[Opening Data supplied section]

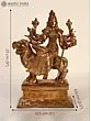 The magnificent bronze Maa Durga composition is positioned on a rectangular platform on which floral patterns are etched. With her left hand firmly holding her potent weapon- Trishula (trident) and her right hand raised to affirm fearlessness in her devotees, goddess Durga in this icon is the exemplary roopa of a mother as protectress and nurturer.
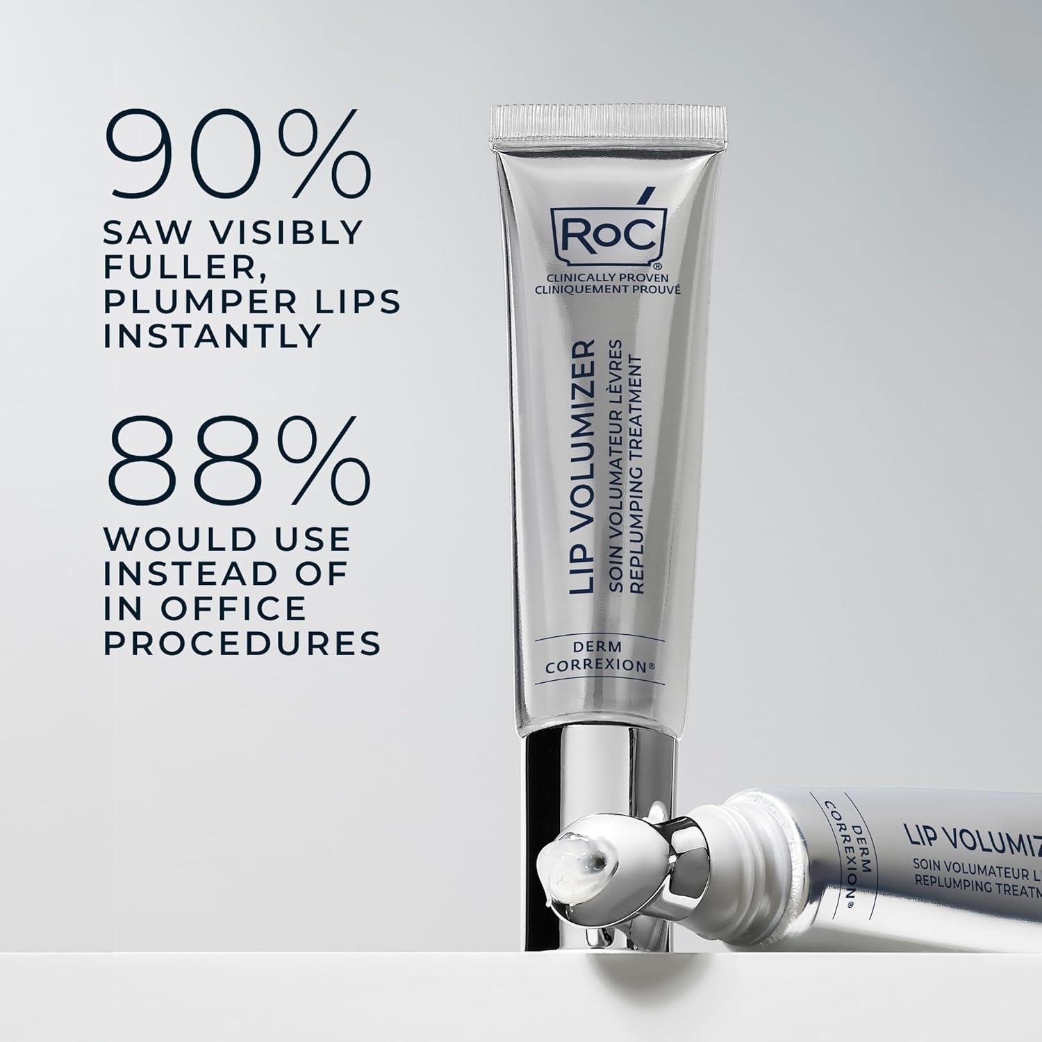 RoC Derm Correxion Lip Volumizer - Lip Plumper Peptide Treatment with Hyaluronic Acid & Vitamin E + Line Smoothing Eye Cream Packette
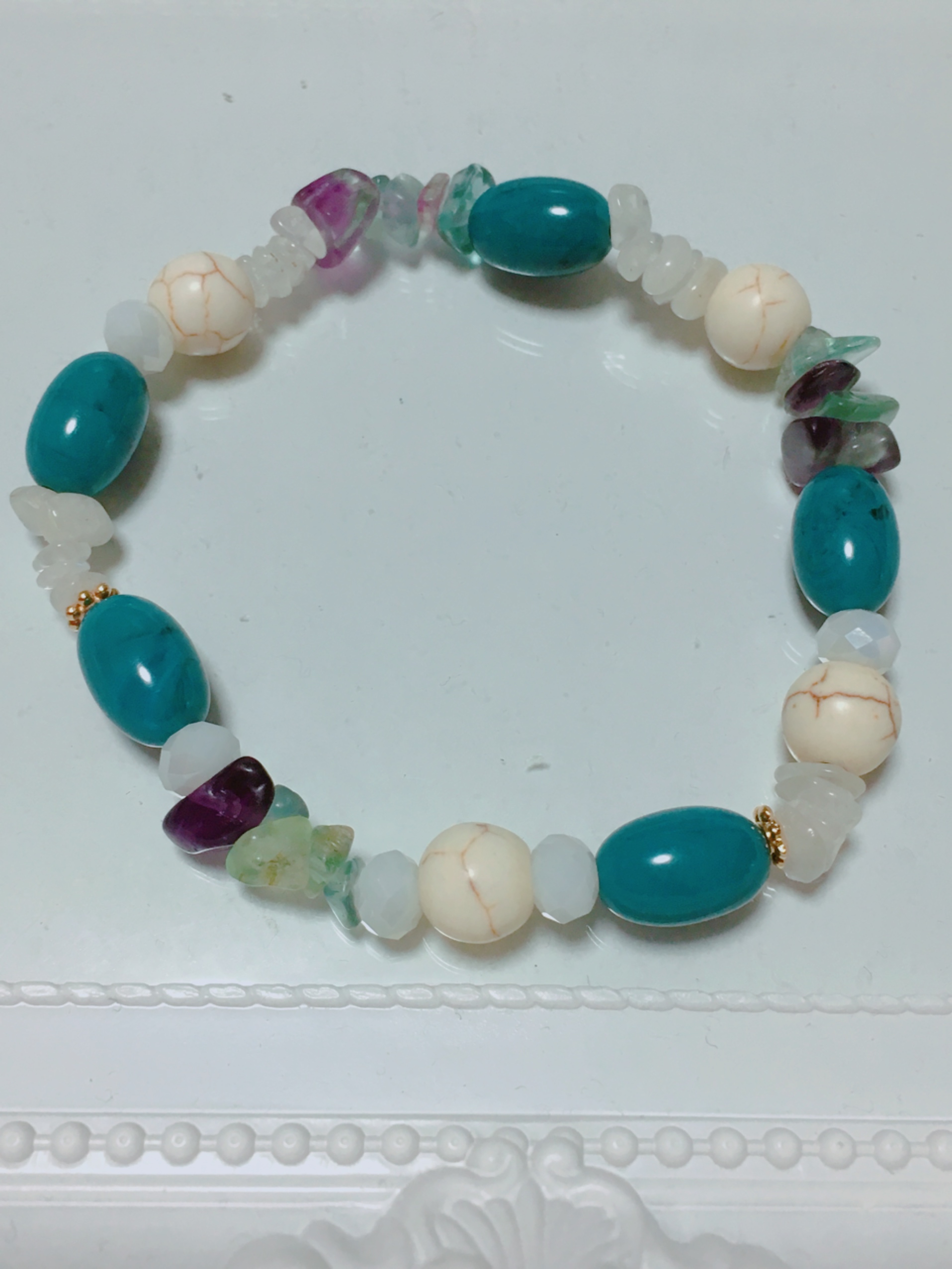 - 「なつのお嬢さん」。ナツメ型のターコイズ、レインボーフローライト、ムーンストーンのさざれ石を使いました。夏色のワンピースが似合うお嬢さんです♪
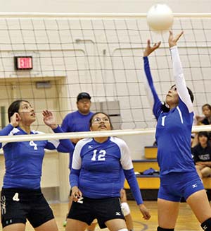 The Lady Falcons defeated Navajo Pine 3-2 (20-25, 25-23, 25-17, 17-25, 15-13) in the district opener on Oct. 2.
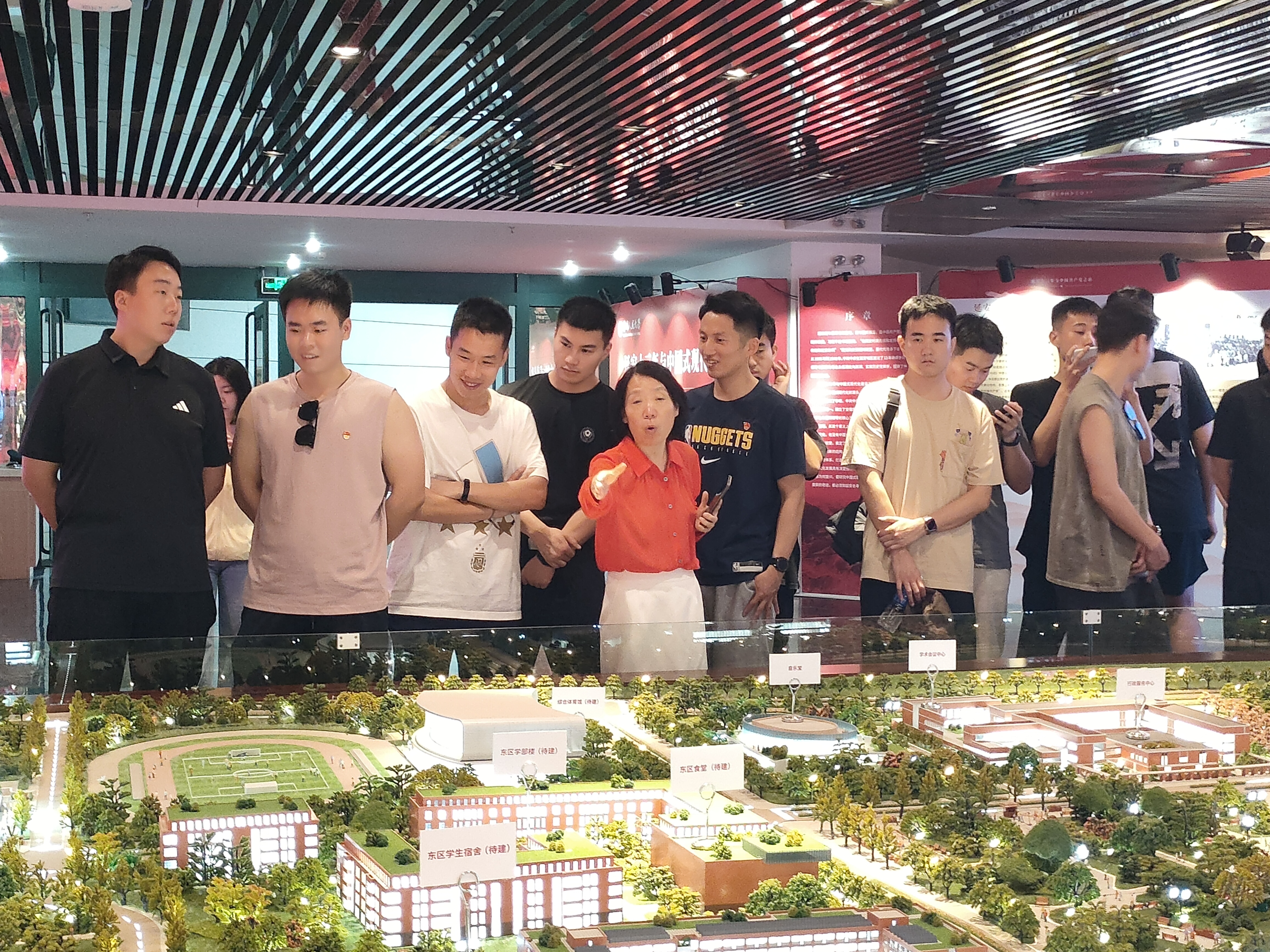 在张老师讲到毛主席所著的《矛盾论》、《实践论》等著作真迹正在展出时,参访同志纷纷驻足于前,泛黄的书页沉淀了近百年厚重的历史,激励着每一位新时代党员同志将青春写在中国大地上;面对通州新校区实景沙盘所展现的智慧高校建设成果,各位同志深切感受到京津冀协同发展国家战略的重要意义。
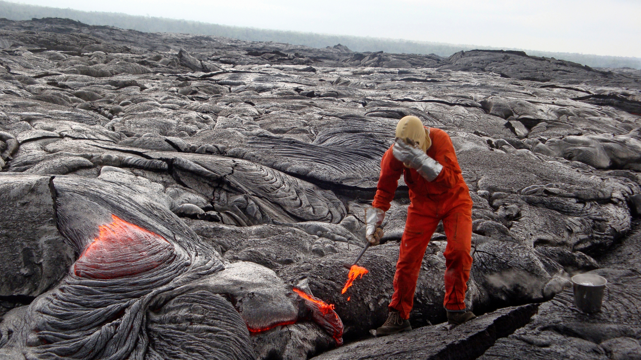 Vele lagen katoen, een helm, speciale handschoenen en een gasmasker. Modieus was de outfit van de Amerikaanse geoloog en vulkanoloog Jessica Ball niet te noemen, maar bescherming bood hij haar wel degelijk. Ball behoort tot de onderzoekers die de grote uitbarsting van de vulkaan Kīlauea op het eiland Hawaii in 2018 bestudeerden. Op de top van deze 1,2 kilometer hoge vulkaan ligt een grote komvormige krater, een caldeira. Vanuit deze krater lopen zogenoemde riftzones, zwakke plekken in de flank van een vulkaan waar lava uit kan stromen. Tijdens de uitbarsting in 2018 gebeurde dit volop: uit de verzwakte zones spoten heuse lavafonteinen omhoog.

[Closing Data supplied section]

## Description of the task
Your output should be the lines above from the one that contains "RoC Derm Correxion" through the one that contains "在张老师讲到毛主席所著的《矛", word for word, with pictures left out.

## Written solution
 RoC Derm Correxion Lip Volumizer - Lip Plumper Peptide Treatment with Hyaluronic Acid & Vitamin E + Line Smoothing Eye Cream Packette
 - 「なつのお嬢さん」。ナツメ型のターコイズ、レインボーフローライト、ムーンストーンのさざれ石を使いました。夏色のワンピースが似合うお嬢さんです♪
 The Lady Falcons defeated Navajo Pine 3-2 (20-25, 25-23, 25-17, 17-25, 15-13) in the district opener on Oct. 2.
 在张老师讲到毛主席所著的《矛盾论》、《实践论》等著作真迹正在展出时,参访同志纷纷驻足于前,泛黄的书页沉淀了近百年厚重的历史,激励着每一位新时代党员同志将青春写在中国大地上;面对通州新校区实景沙盘所展现的智慧高校建设成果,各位同志深切感受到京津冀协同发展国家战略的重要意义。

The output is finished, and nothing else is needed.